This season begins where Season Two left off, in the aftermath of a mid-air plane collision, caused by a grieving air-traffic controller. With the tragedy affecting the whole community (some more than others), out of the sombre tone comes the very cold business of keeping up with the cooking – Walter (Bryan Cranston) finds out that when you shake on a deal with Gustavo Fring (Giancarlo Esposito), you do not let him down, whatever the circumstances.
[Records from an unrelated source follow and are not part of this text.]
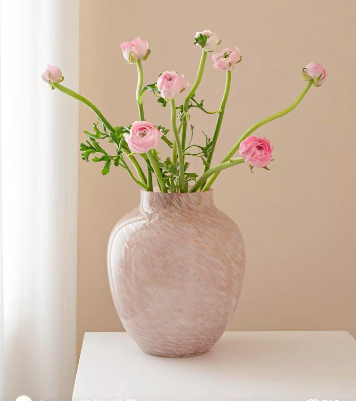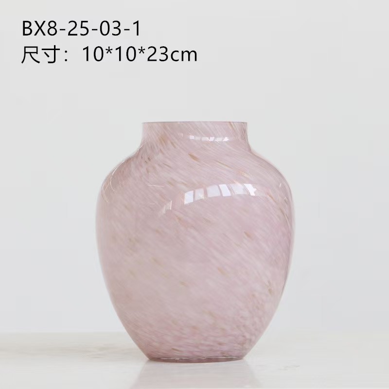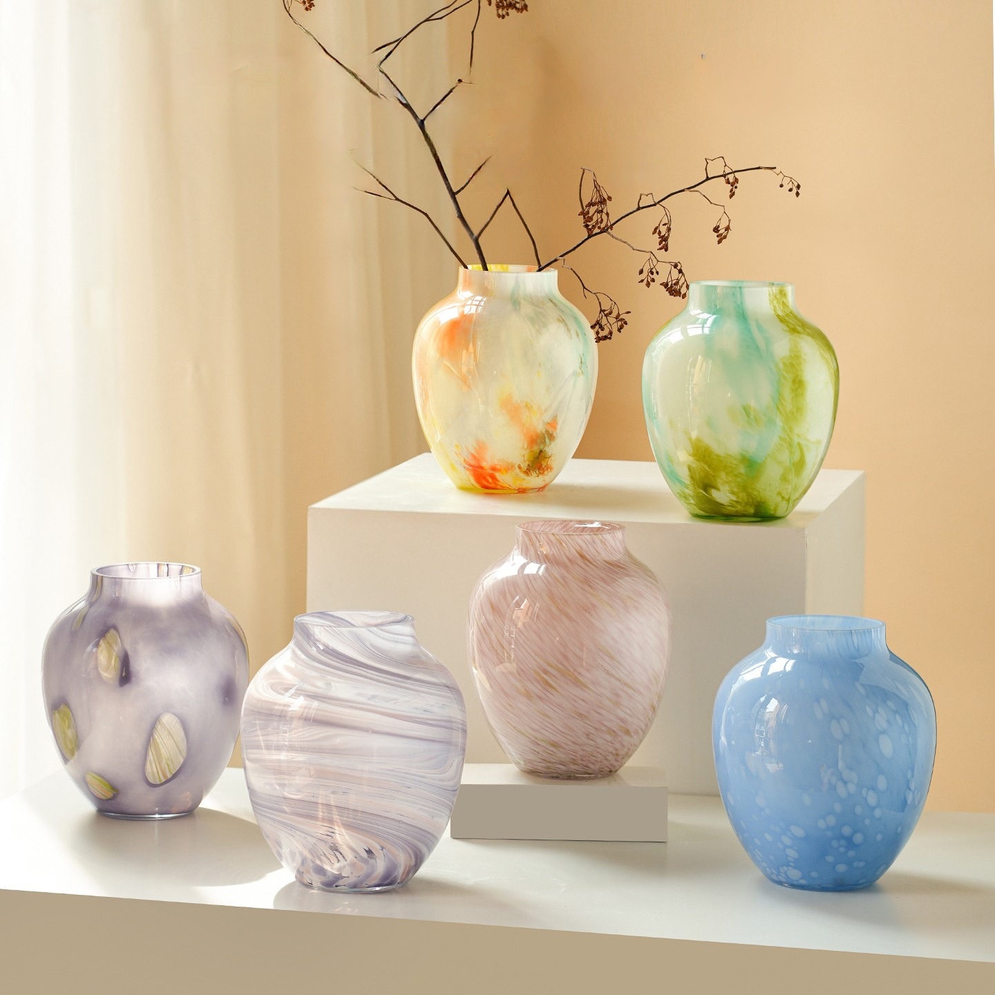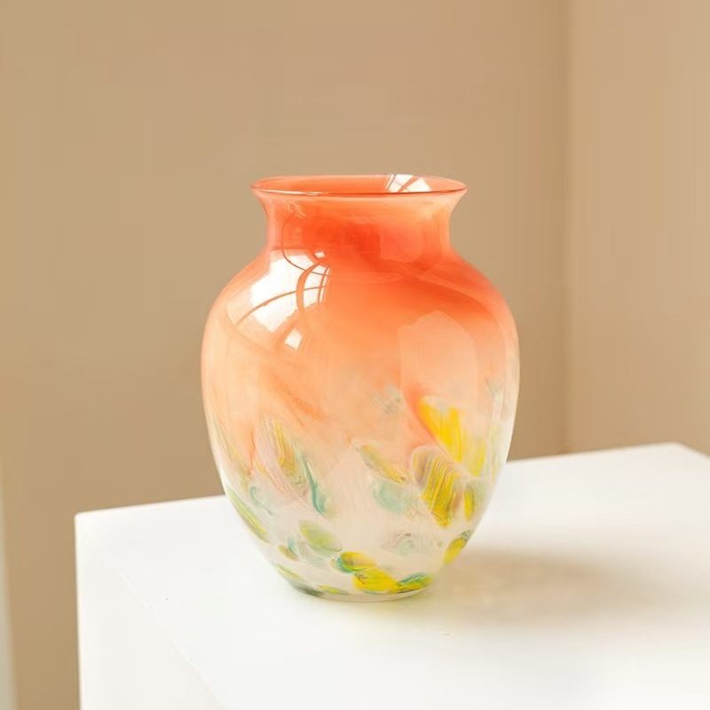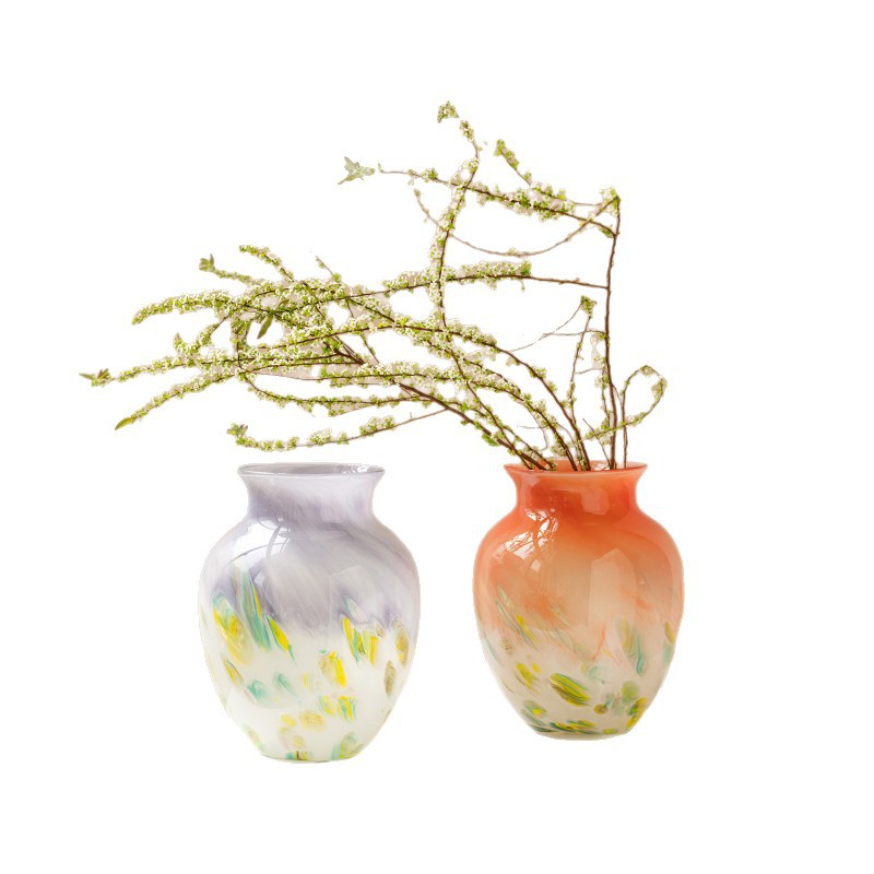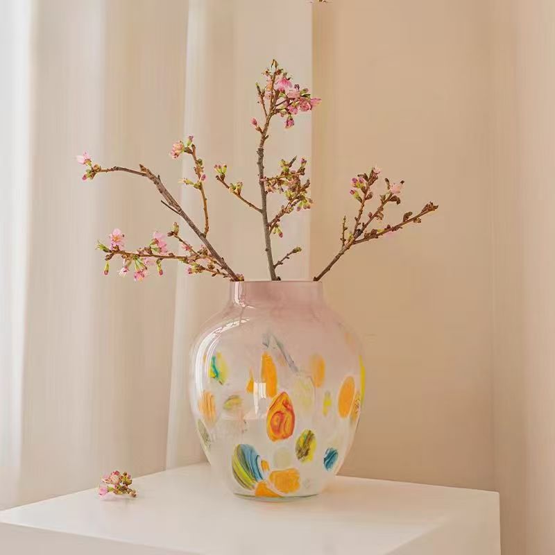 渐变波点彩色琉璃花瓶法式摆件插花复古客厅轻奢琉璃花瓶装饰摆件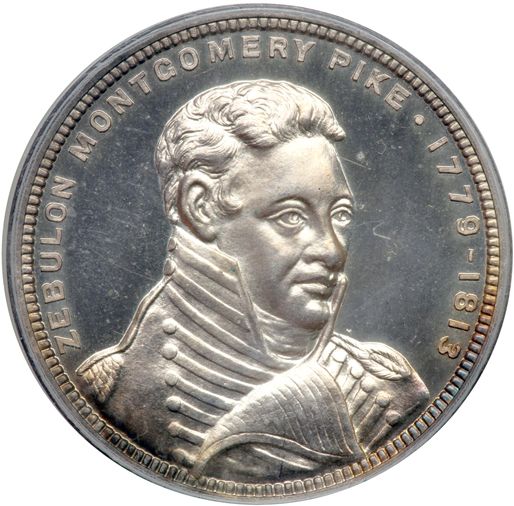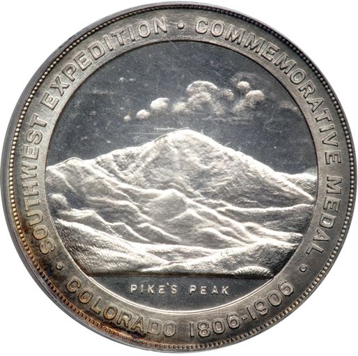 Finest Known. 1906 Pike's Peak Centennial, Southwest Expedition Medal, SC$1 HK-335 PCGS Proof-66. PCGS graded Proof 66Finest known certified example. Silver. 34 mm. A exceptional example of this medal that marks the centennial of Zebulon Pike's Southwest Expedition, and the discovery of the mountain that now bears his name. Designed by C.E. Barber and struck at Philadelphia Mint. Brilliant surfaces with deeply mirrored fields, and frosty devices. Light smokey toning at lower edge on obverse and reverse. Only 250 proofs are known to have been struck, and it is believed that there are less than 75 surviving specimens. NGC census shows 31 graded, with Proof-65 Cameo being the finest.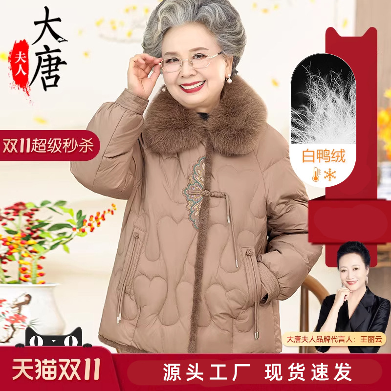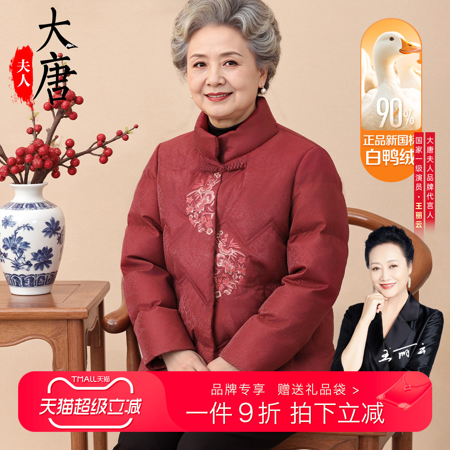 大唐夫人奶奶冬装羽绒服90%白鸭绒中老年人老妈妈外套老太太衣服

Domestically, the Whites go from bad to worse. With his marriage all but over, Walt comes clean with Skyler (Anna Gunn) about his involvement, who in turn finds it increasingly difficult to live with her husband. Jesse’s (Aaron Paul) new-found sobriety leads him to accept the past, but his pain is never far away from the surface, making his and Walt’s partnership acutely tenuous. Fighting on all fronts, Walt takes shelter within the guise of Heisenberg and focuses on production, eventually taking Gus’ offer of a purpose-built meth lab on his premises. He becomes increasingly calculated in order to keep one step ahead and remain invaluable to the operation.
Season Three benefits from having three relatively new faces on the cast list: Giancarlo Esposito, Jonathan Banks (Mike) and Bob Odenkirk (Saul). Together, they bring a new focus to the show, as the component parts to the business are personified by each.
Saul’s wealth of experience on the criminal law circuit is extensively tapped by Walt and, more surprisingly, Skyler. Beyond Bob’s seedy exterior lies a sharp asset to Walt’s thriving trade. Meanwhile, we see two very different sides to Mike; a caring, gentle grandfather and a man essentially going about his work as Head of Security for Fring. Jonathan’s laconic manner and calm gait make him equally likeable and chilling. And above them all, Gus, keen to protect his assets, uses chess-like moves to manipulate the world around him, which only increases the tension between him and Walt.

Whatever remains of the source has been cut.